00:17:34.890 There is definitely an art to creating effective indexes, but the first step is running EXPLAIN on any slow queries or even just as a habit.
00:17:43.700 You can also check your development logs used by Rails; they log actual SQL queries, letting you investigate further.
00:17:50.720 By understanding the database's workings, you can learn to optimize.
00:18:01.840 Now, we have to discuss direct SQL calls from within a Rails application.
00:18:10.570 I want to emphasize that executing raw SQL directly can be dangerous; there are many edge cases.
00:18:21.440 You might use it in migration when Rails does not know how to create certain column types, such as geography type columns.
00:18:36.950 In this case, you would acquire a connection from the Active Record connection base to execute your SQL.
00:18:45.300 Another method can be using find_by_sql, but you must be cautious not to include unsanitized user input.
00:18:57.630 Using find_by_sql would return instantiated objects of the model type you've invoked.
00:19:04.480 For any data not specified in your parameters within your SQL, they return as virtual attributes on your model.
00:19:14.550 If you don’t know how to sanitize inputs, be careful: remember Bobby Tables?
00:19:27.050 You never know when little Bobby tables will show up in your application, so always sanitize your user inputs.
00:19:41.010 So, where do you go from here? There is obviously a lot to learn about SQL.
00:19:52.510 If you don’t have a book on databases and SQL at your desk, pick one up. SQL doesn’t change much, so a good book will serve you well.
00:20:02.610 Check the documentation for your specific database to learn about features and aggregation functions.
00:20:15.390 Pair programming is the best way for a junior developer to level up quickly; working alongside senior developers exposes you to real-world problems.

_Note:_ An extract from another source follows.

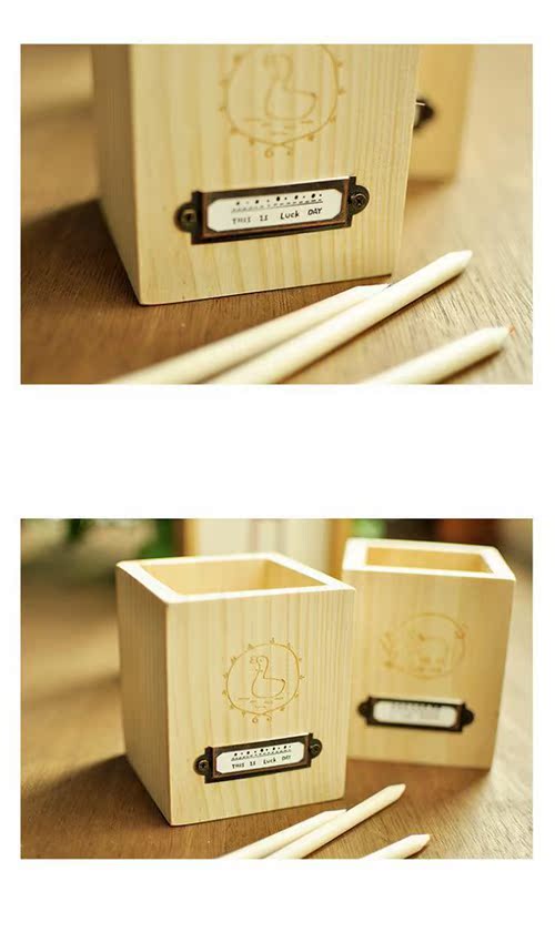 林間小動物實木筆筒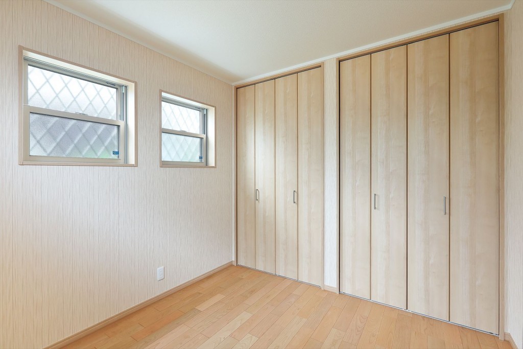 ビルトインの駐車スペースを部屋にして、ご夫婦の寝室に。内装には落ち着きと温かみのある色をお選びいただきました。クローゼットはお一人ずつ広々と使っていただけます!

00:20:31.260 If you don’t have an opportunity to pair in person, there are many online platforms to connect with others.
00:20:41.800 Remember to scour your logs for database queries, understand them, and run EXPLAIN to get insight into your application's performance.
00:20:55.370 The takeaway is to learn the native language of your database.

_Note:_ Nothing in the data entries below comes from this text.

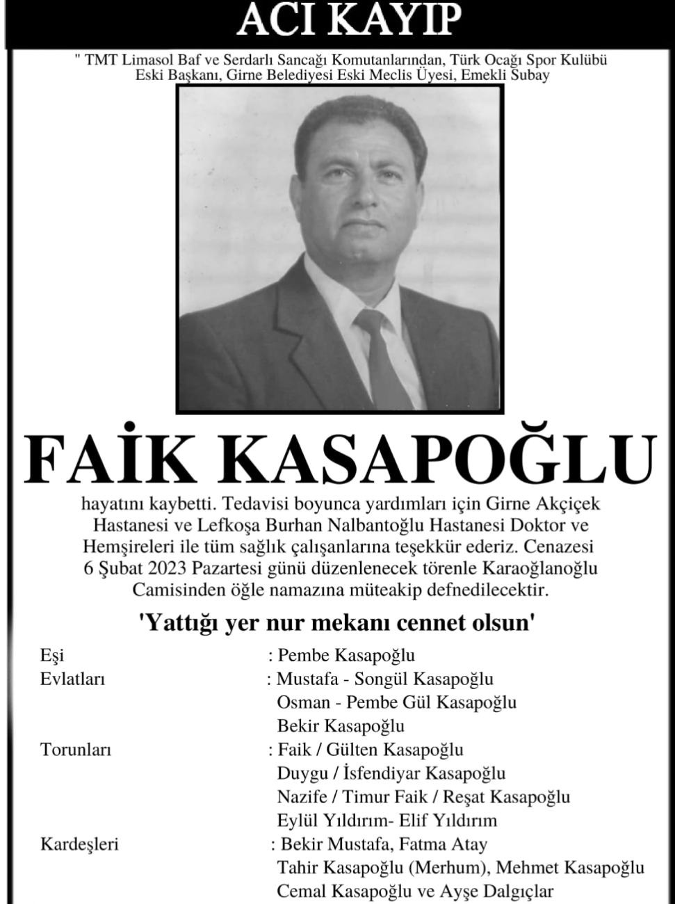 TMT Limasol Baf ve Serdarlı Sancağı emekli piyade üsteğmen, Türk Ocağı eski kulüp başkanı, Girne Belediyesi eski meclis üyesi Faik Kasapoğlu hayata gözlerini yumdu.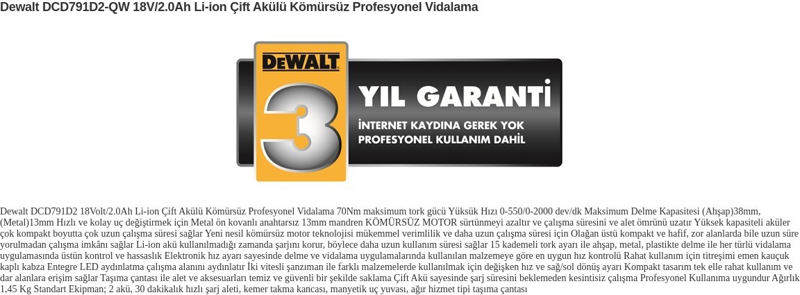 DEWALT Dcd791d2 18volt/2.0ah Li-ion Çift Akülü Kömürsüz Vidalama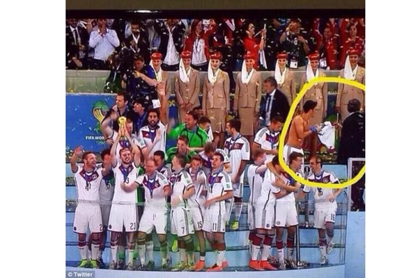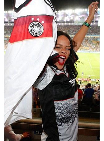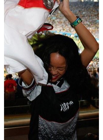 تناقلت المواقع الالكترونية صورة مأخوذة من تويتر للاعب كرة القدم في منتخب ألمانيا مسعود أوزيل وهو يخلع قميصه ويهديه للنجمة ريانا خلال تسلّم كأس العالم الذي فازت به ألمانيا على الأرجنتين 1-0.

00:21:02.460 Understanding what Active Record does for you behind the scenes is crucial.
00:21:10.420 Use Active Record as a great tool, but know when to jump in and use the database directly.
00:21:18.190 You have many tools at your disposal; knowing when and how to use them is key.
00:21:29.380 Thank you very much! If you have questions, I’d be happy to take them; we have a couple of minutes.
00:21:57.170 Yes?
00:22:02.460 My recommendation is don't execute raw SQL from within your Rails app without knowing what you're doing.
00:22:15.160 There are a few different ways to do it. You can get a connection from Active Record’s connection base and execute raw SQL.
00:22:22.950 This is useful inside migrations, especially when you need to create specific types of columns.
00:22:31.850 Using find_by_sql is another way to incorporate raw SQL, but be careful to avoid user data.
00:22:41.950 Using find_by_sql allows for returning instantiated objects.
00:22:48.600 These objects will have virtual attributes based on what you specify in your SQL.
00:22:56.370 Are there any other questions?
00:23:04.880 I don’t have a specific example for when table rewrites are necessary.
00:23:12.400 With any migration, you should be cautious to ensure your application remains stable.
00:23:20.670 For example, in Postgres, creating indexes concurrently is one way since Rails doesn’t usually support this.
00:23:31.260 You can build your migration by hand that utilizes this feature.
00:23:36.350 Does anyone have any additional questions?
00:23:45.550 It's not necessarily faster to write SQL directly; Active Record usually does the right thing.
00:23:55.450 You can observe this when looking at how your application operates.
00:24:06.250 Active Record translates your commands directly into SQL queries executed against the database.
00:24:15.730 In some scenarios, stepping in with raw SQL will provide better efficiency.
00:24:24.790 The key is to observe what Active Record does and learn from it. Thank you all!